Indeed, running smartctl -a -d sat /dev/pass9 i get plenty of smart errors.
Which brings me to my two questions:
1. How can i identify, using mfisyspdXX numerotation which mfisyspd device corresponds to /dev/pass9.

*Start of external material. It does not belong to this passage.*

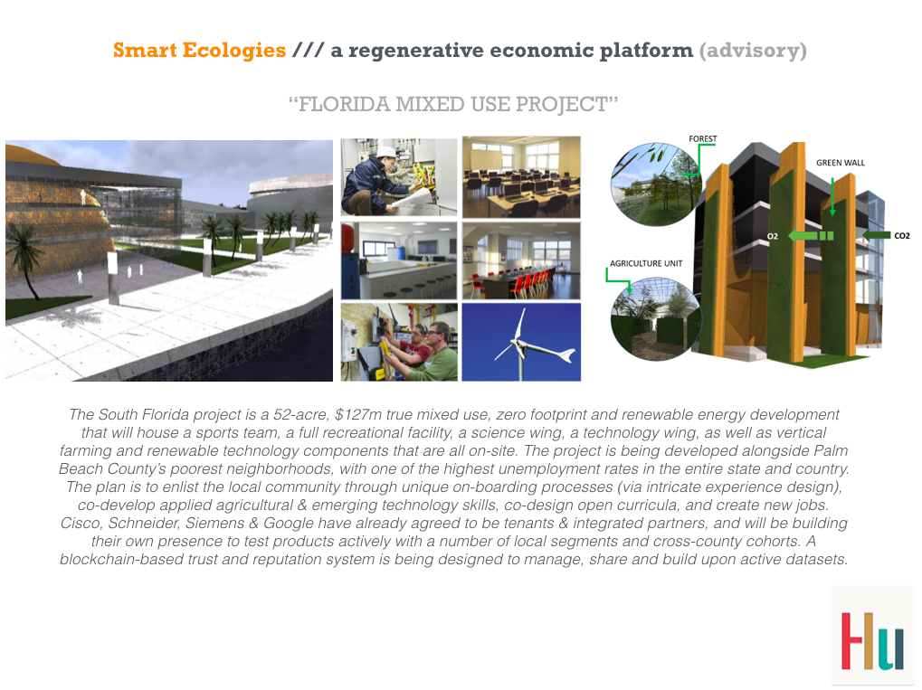 We (as in, our group) developed Smart Ecologies as a means to create living and working systems primarily out of distressed assets. In the example above, the land development is one of many in the U.S. and abroad that has been completely abandoned, yet, it resides next to a railway, a waterway and and urban center.

2. I'm unable to use smart monitoring in the UI, no smart tests can be initiated, probably because of the not-so-true-HBA controller i'm using.
The drives show up as mfisyspd 0 to 11 in the freenas UI, and smartctl gives error on /dev/mfisyspdX (No such file or directory) , but works just fine on /dev/pass0->11. So how can i make freenas see my drives with /dev/passX naming, or is there another way of making smartctl check my drives automaticaly, without me having to run it manually?